Trouble with DNS Resolvers sticking to single IP address

If anyone wants to try out 1.8-dev2 dns resolvers, I have setup a docker demo:

You would probably need to reconfigure the hard coded IP addresses. Will get around to making it env based soon.

Asking @willy to release 1.8-dev3, so that all those changes can be easier tested in the field.

Asking myself the same question.

From the Docker Docs:

To bypass the routing mesh, you can start a service using DNS Round Robin (DNSRR) mode, by setting the --endpoint-mode flag to dnsrr. You must run your own load balancer in front of the service. A DNS query for the service name on the Docker host returns a list of IP addresses for the nodes running the service.
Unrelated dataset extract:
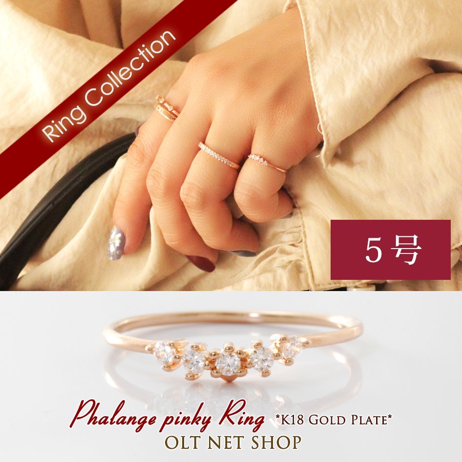 5号 / 新品 ピンキーリング K18GP 指輪 ファランジリング 18金 ピンクゴールド レディース ダイヤ CZ 小指 ミディ 関節 プレゼント 女性

Configure your load balancer to consume this list and balance the traffic across the nodes.

How do I actually do that with HAProxy?

Well, either you set multiple server line with the same name:
backend myapp

[…]

server s1 myapp.domain.com:80 check resolvers mydns

server s2 myapp.domain.com:80 check resolvers mydns

server s3 myapp.domain.com:80 check resolvers mydns

Or you use server-template directive:

backend myapp

[…]

server s 3 myapp.domain.com:80 check resolvers mydns

Adjust the number of servers to your need.

In each case, the resolvers should turn on one server per IP found in the response.

Baptiste, I tried to use multiple servers but the requests are not balanced evenly between the servers.

I built an example using Docker and docker-compose. The backend servers count each request they receive and print the number of requests received after 60 seconds.

Code:

The output is

api_4      | f8e1414ea551 0
api_1      | 860eb040651c 0
api_2      | 6af96d901ea8 179
api_5      | 1f15abd0d461 60
api_3      | 271ae04ff5cc 60

One API server receives 180 requests, two receive 60 each and another two receive 0.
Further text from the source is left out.